I really had no idea what was going on, and when asked where they were taking him, the response was that his Dr. ordered them to take him to the crises center. Then they shooed me out. In the waiting room, as I was leaving, a nurse approached me and asked why they were taking him to the crises center when that hospital had a great psychiatric center. I just shrugged my shoulders and told her I have no idea why his Dr. wants him to go there.

More on the Hooters thing

This is what I posted on MDJunction-How does the family of A Sociopath Survive.
http://www.mdjunction.com/forums/antisocial-personality-discussions/general-support/1458071-how-does-the-family-of-a-sociopath-survive/limitstart/10

They don't unless they can exorcise the Sociopath from their Family; which is nearly impossible
.
Long story short (still quite long), My older brother is a documented Sociopath and I am his current Target and My Mother is his current Victim. Unfortunately, My Mother is drawn in to his Faux life so much that when she is shown incontrovertible proof he is lying, she will deny it. She even lies for him, big time. One time she said she went to the Dr. with him and the Dr. said all kinds of stuff about me. While she was doing that, I pulled up the GPS tracking for her car and her credit card account and asked her how it was possible to be at the Dr. Office 40 miles away from where her car was and who made the three charges on her Credit card during that time, and where did the new small kitchen appliance and other stuff come from? She just got mad at me, yet she still sticks to her lie that she was at the Dr. with my Brother.
Most recently, we were out for wings and my brother was making snide comments about me. I just said, while waving my hand, "you know you really need to stop doing that." He grabbed my hand and squeezed so hard he drew blood at the fingernails. I told him if he didn't let go I was going to slap him. He squeezed harder, so I slapped him. He jumps up and yells "He hit me, did you see that?" and runs outside and acts like he got on his cell phone. He comes back in in about 10 seconds and say's "You're lucky, they were busy right now and they can't come and get you." I said, "whatever" and my Mother whom had just gotten done saying "I don't blame you he wouldn't let go," turn around and said "you hit him first, that's why he grabbed your hand." I said just go home, and went to go hang out with my friends and got a ride home from them.
I got smart and called the police after they left and had them pull the surveillance video which clearly showed him grabbing my hand, me saying something to him, and him not letting go till I slapped him...
My brother goes home and hits himself with something in the head to give himself a lump and, then gets my Mother to go to the police with him in the morning and get's her to file a false police report - which, thank God she didn't sign because she'd be in jail now.
Then She calls all the family and tells everyone the lie, and goes around and tells neighbors and friends the lie also...
After the police tell her of the video and that I slapped him in self defense and not anywhere near where his lump is, she refuses to tell any of the people she told the lie to what the truth is.
Now Note: He got Mom to file a report noting that when his lie is uncovered He won't get in trouble, but Mom would.
Beware of these people.

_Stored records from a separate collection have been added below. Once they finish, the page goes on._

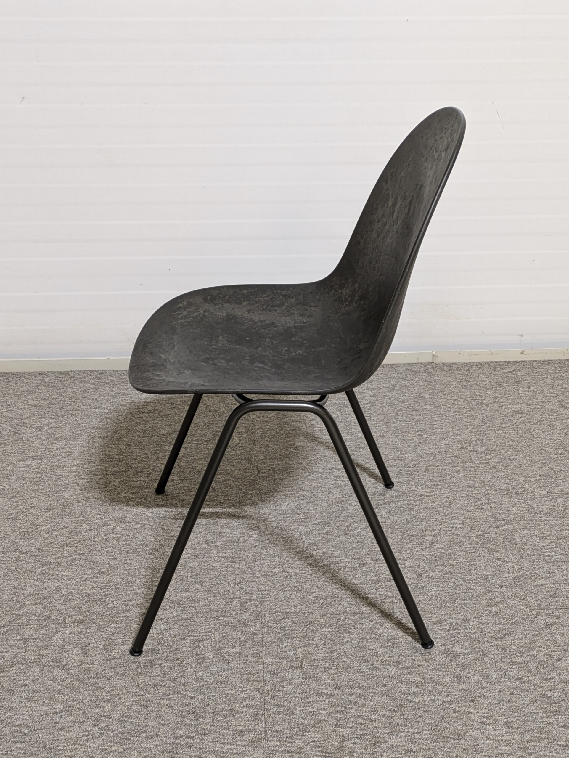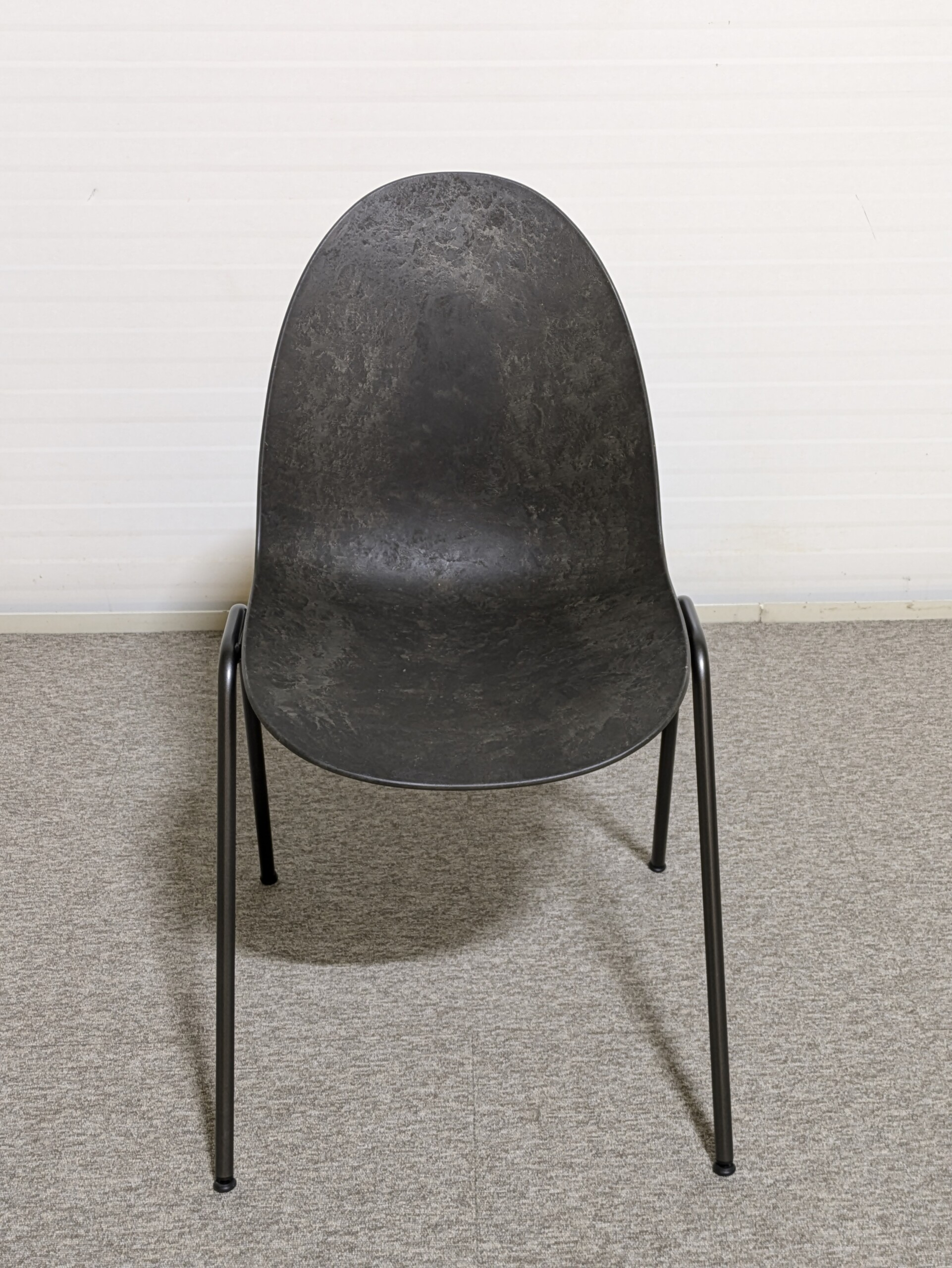 Sæde og ryg i plast (sort). 4-bensstel i metal (sort).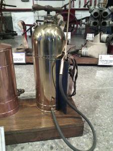 Serbatoio spalleggiabili per trasporto acqua a fini antincendio e per disinfestazione. Periodo impiego 1930/1945. Materiale Lega rame bronzo.
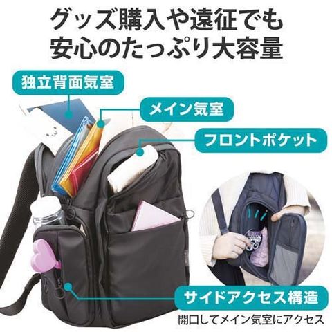 ●サイドポケットのファスナーを大きく開くことで、バッグを背負ったままメイン気室の荷物を出し入れできます。グッズ交換などの際もスムーズです。
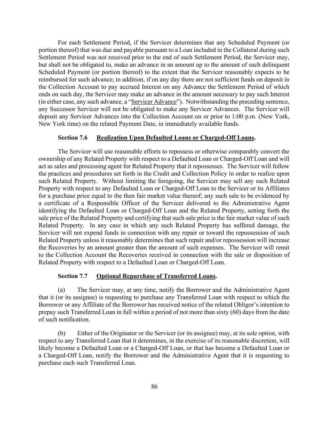 86对于每个结算期,如果服务商确定在该结算期内根据包含在抵押品中的贷款到期应付的任何预定付款(或其部分)在该结算期结束之前没有收到,则该服务商可以但不应承担义务,在该服务商合理地预期将就该预付款获得偿还的范围内,以不超过该拖欠的预定付款(或其部分)的金额为限进行预付款;此外,如果在任何一天,收款账户中没有足够的存款来支付结算期在该日结束的任何预付款的应计利息,服务商可以预付支付该利息所需的金额(在任何一种情况下,任何此类预付款,“服务商预付款”)。尽管有前一句,任何继任服务商将没有义务进行任何服务商垫款。服务商将在相关付款日期的下午1:00(纽约、纽约时间)或之前以立即可用的资金将任何服务商预付款存入收款账户。第7.6节违约贷款或核销贷款时的变现。服务商将尽合理努力收回或以其他方式比较转换与违约贷款或已核销贷款有关的任何相关财产的所有权,并将担任其收回的相关财产的销售和加工代理。服务商将遵循信用和催收政策中规定的做法和程序,以便在此类相关财产上变现。在不限制前述规定的情况下,服务人可就任何违约贷款或注销贷款向服务人或其关联公司出售任何该等相关财产,购买价格等于其当时的公平市场价值;任何该等出售须由服务人的负责人员向行政代理人交付的证明违约贷款或注销贷款及相关财产的证书证明,其中载明相关财产的销售价格,并证明该出售价格为该等相关财产的公平市场价值。在任何此类相关财产遭受损害的任何情况下,服务商将不会在任何维修或收回此类相关财产方面支出资金,除非其合理地确定此类维修和/或收回将使回收额增加的金额大于此类费用的金额。服务商将收到的与出售或处置相关财产有关的违约贷款或已核销贷款的追偿款项汇入收款账户。第7.7节转让贷款的可选回购。(a)服务人可随时通知借款人及行政代理人,其(或其受让人)正要求购买借款人或借款人的任何附属公司已收到有关债务人打算在该通知发出之日起不超过六十(60)天的期间内全额预付该转让贷款的通知所涉及的任何转让贷款。(b)发起人或服务人(或其受让人)中的任何一方可自行选择,就其在行使合理酌情权时确定很可能成为违约贷款或已核销贷款,或已成为违约贷款或已核销贷款的任何转让贷款,通知借款人和行政代理人,其正在请求购买每笔此类转让贷款。

He has torn our family apart. My Father passed away over 20 years ago. So I can't break the promise I had made to him to keep our Mother protected from my Brother. Well after this and several visits to the cemetery, I think my Dad understands that I have to break the promise, otherwise I'm going to loose it. Well I almost did because I took to Liquor for a little bit and after calling for help because I wanted to kill myself - out of total frustration - and being taken to the hospital by the police, because I scared the hell out of the person I was talking to and getting let go an hour later when they realized I wouldn't do it.
My Mother is a rocking 84. She still works, now she has to because she can't stop spending. She has a sharp mind, but she is so sucked into my Brother's lies and manipulation that she denies even the medical community.
My Mother twists things so badly now that if she asks me for an opinion, I won't give it to her. i.e. If she asks me if she should buy something and I say Do you need it or can you afford it, she'll tell people I'm controlling her and won't let her buy it. For God's sake, it's her money, she can do with it what she wants. But If I tell her buy it, she'll blame me for her bills! She's so caught up in it, I feel sorry for her.
I firmly feel that the only thing a Sociopath like my brother understands is a physical Beating. Several times in his life my Brother has been beaten. He drives people to it. Then he finally leaves them alone.
Well, he's here now and I can hear him. I have to put my Ear buds in, or my waders on because the crap is flowing....

Friday, August 27, 2010

Manipulation at it's Best - Hooters and after

Tell me our Mother isn't sucked into him....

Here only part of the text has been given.